MyCareer is surely the biggest disappointment of the whole game though. This new mode has only been included in current-gen versions of WWE 2K15, and is based around the hugely popular career mode in the NBA 2K games. Unfortunately it’s also way too full of filler. Beginning with trying to get a contract in the NXT developmental territory, then making a name for yourself and working your way up to getting onto WWE television, be prepared to invest ten to fifteen hours in the mode before you get anywhere near a pay-per-view or interesting feud – let alone a title match. There are too many matches against nameless opponents where nothing is at stake and no storyline developments occur.

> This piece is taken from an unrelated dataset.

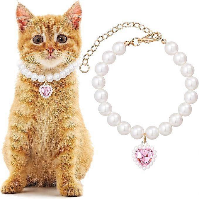 Pearl Dog Collar: Adjustable Cat And Dog Pearl Necklace With Heart Pendant Cute Pet Jewelry Accessories For Puppy Kitten Daily Wear Party

When you do take part in a big feud or get into a big matchup like the Elimination Chamber things do begin to heat up, but these moments are so few and far between that you will have to endure dozens of practice matches to reach them. The whole mode becomes a grind, moving you to just use tried and tested tactics in order to get through each match as quickly as possible – which makes you wish that MyCareer could have just been a much shorter, tighter mode.

Strangely, there is less variety in match types, with Inferno matches and special referee bouts being just two of the many to have been removed. Some others, like Casket matches, are playable, but only as part of the Showcase mode, and not in regular play. The online multiplayer only seems to support a handful of different match types as well. Creation tools have also strangely been decreased and you can’t even create your own female grapplers this year. The roster even seems much less comprehensive, and there are a lot fewer WWE Legends than we usually see featured. With more powerful machines, fans would have definitely hoped for extra modes to be added, not well-established ones to be removed.

Even the audio and visual improvements don’t manage to get everything right this year. Fans who expected the move to next-generation systems to bring amazing graphics may be more than a little let down, because for every wrestler like John Cena or Randy Orton who has had a new full-head scan and looks amazingly life-like, there are two more people on the roster who actually look worse than they did in WWE 2K14. Vince McMahon, for instance, looks like he’s constantly puffing out his cheeks, and Batista has a head so round it looks ridiculous. Of course the presentation overall is pretty slick, but there is no obvious graphical revolution on Xbox One and PlayStation 4. The in-match commentary had also been touted as much-improved, however Michael Cole and Jerry Lawler still manage to repeat themselves far too frequently, or tell you that the match has been an evenly fought contest, when in actuality it was a completely one-sided squash.

So many options that have been available for years have been removed, the MyCareer is a slog to play through, and the Showcase mode doesn’t match up to the high standards set last year. Sadly, even though WWE 2K15 tries hard to re-define itself as a simulation game, and move away from the collision issues and glitches that have plagued it for years, this latest release actually seems to take more steps backward than forwards. Not all the gameplay changes are entirely successful, but at least they show some promise for the future. The worrying issue, though, is how many years we’ve already been waiting for WWE games to return to past glories.

Review code provided by publisher.
Positives

More authentic experience
Showcase mode is fun

Negatives

MyCareer is bloated and repetitive
Can be slow and unresponsive
Face-scanning is hit and miss

Editor Rating
 
Our Score
6.0

SCORE OUT OF TEN
6.0


In Short
 

WWE 2K15 feels like a real step back for the series in many ways, not the generational leap forward that we hoped for.